Heft bestellen - Rossfeld Bergpreis - Legenden am Rossfeld: Sepp Greger

Originalton Greger: "Schau da de heitign formö ans foara au, de haum jo a gummibandl um eana rundum, do muas ana schau gauns depad sei waun a si do wos duat. Oba mia haum nix ghobt, links bam, rechts a föswaund, Bergrennen woan oiwei gfeali, bei uns do woa nix do, oiss woa improvisiat, wie mia augfaunga haum, do hot si hoit jeda beheaschn miassn."

Text: Siegfried C. Strasser
Photos: Edition Snowfish

  ImageVielleicht ist es nicht wirklich das Beherrschen gewesen, das den Sepp immer so sicher und schnell zum Gipfel getrieben hat.  Da gehören wahrscheinlich auch ein gerüttelt Maß an Fingerspitzengefühl, absolute Konzentration, phänomenale Reflexe im Grenzbereich und jene Portion Glück dazu, die jeder erfolgreiche Sportler braucht. Das galt wohl besonders für eine Epoche, in der der Sepp seine beste Zeit hatte, die sechziger Jahre, die man zu den gefährlichsten zählen muss in der Geschichte des Motorsports. Ein Beispiel?

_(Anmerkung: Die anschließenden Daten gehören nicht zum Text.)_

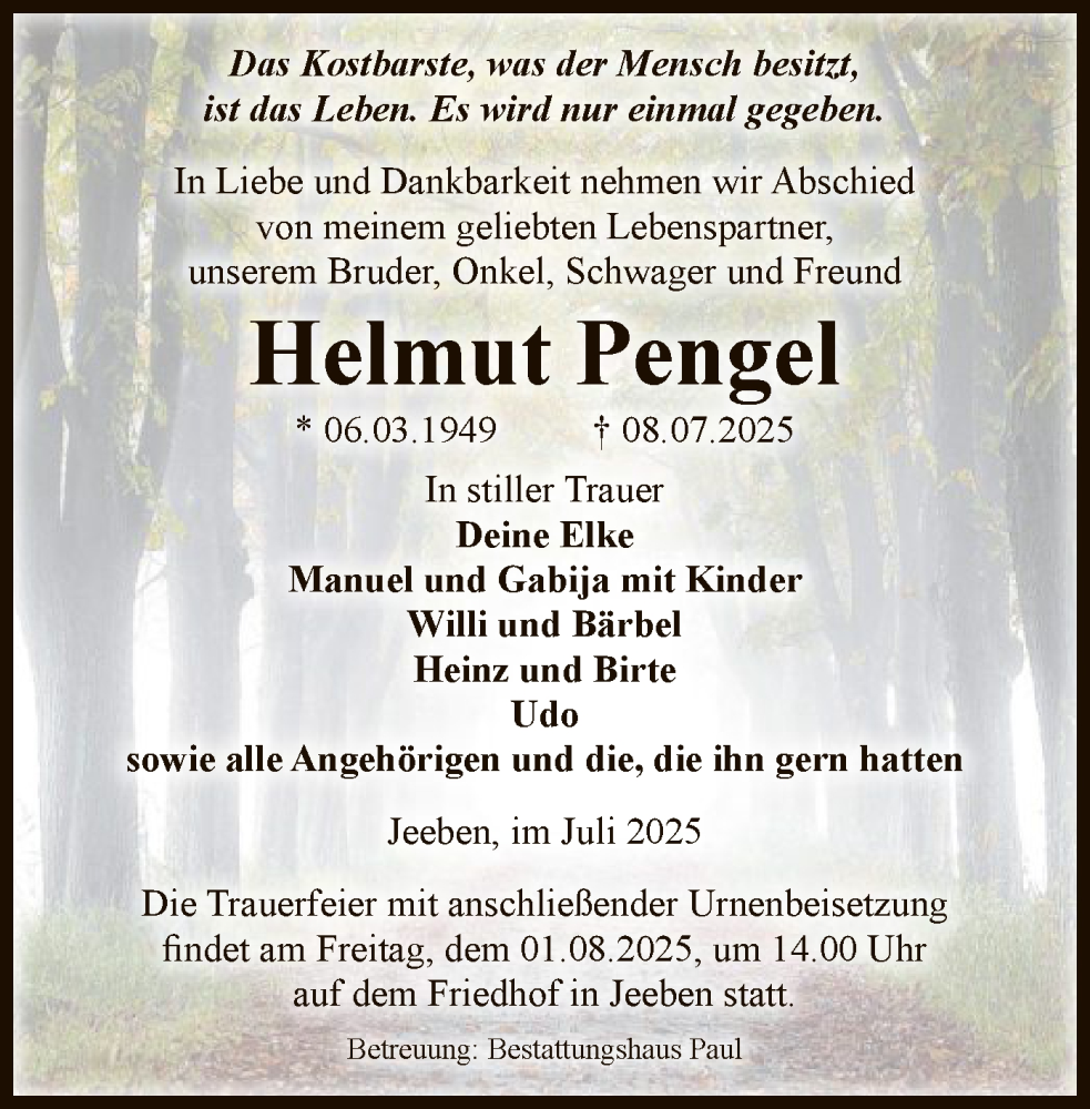 Hier finden Sie alle Traueranzeigen aus der Zeitung, die bisher für Helmut Pengel erschienen sind. Weitere Traueranzeigen, die in der Zeitung erscheinen, werden hier ebenfalls aufgelistet

Kaum war er so richtig auf den Geschmack gekommen und schickte sich an, die sehr guten Resultate, die er als Privatfahrer erzielte, auf berühmten Rennstrecken mit immer stärkeren Autos noch zu verbessern, da ereilte ihn ein schwerer Unfall, der ihn beinahe auf einen Schlag um mehr als eine stolze Karriere gebracht hätte.
Beim Klagenfurter Flugplatzrennen 1960 kollidierte er in seinem Porsche RS K mit David Pipers Lotus 15. Dieser rutschte ihm ins Cockpit und dabei wurde Greger der linke Arm abgerissen.  Wenn man das Wrack des Greger-Porsche sieht, kann man kaum glauben, dass der Pilot dem Blechhaufen lebend entrinnen konnte.  Doch ärztliche Kunst schaffte es sogar, aus den Knochenteilen ein funktionsfähiges Gelenk "zusammenzubasteln".  Gott sei Dank kam der Sepp später nie mehr in eine solch lebensbedrohliche Situation, der Unfall in Klagenfurt war sein schwerster.

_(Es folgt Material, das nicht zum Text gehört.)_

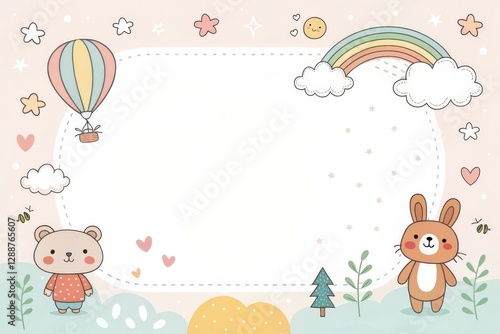 a whimsical illustration featuring a rainbow, clouds, a hot air balloon, and cute animal characters. The central space is perfect for text or design elements.

Wer war dieser Joseph "Sepp" Greger, der am Rossfeld sagenhafte fünfzehnmal am Start stand, also bei jedem Rennen?
Anlässlich der Rossfeld Historic 2002 sprach ich mit einem rüstigen, hochgewachsenen, sehr dünnen 87-Jährigen, der mit einem hellblauen Porsche 356 C dabei war. Als ich ihn bei der Feier auf der Solitude zum 80er von Hans Herrmann sechs Jahre später wieder traf, wirkte er allerdings schon sehr gebrechlich. Aber seine Vita klingt fast wie das Märchen von "Hans im Glück", auch wenn dieser Hans Josef heißt.  "Ich komme aus ganz armen Verhältnissen. Ich war ein uneheliches Kind, wurde am 4. Februar 1915, mitten im Ersten Weltkrieg, in Klosterscheyern bei Pfaffenhofen geboren, als einer von drei Buben, eine Schwester starb schon im Kindesalter, meine zwei Brüder sind schon lange tot.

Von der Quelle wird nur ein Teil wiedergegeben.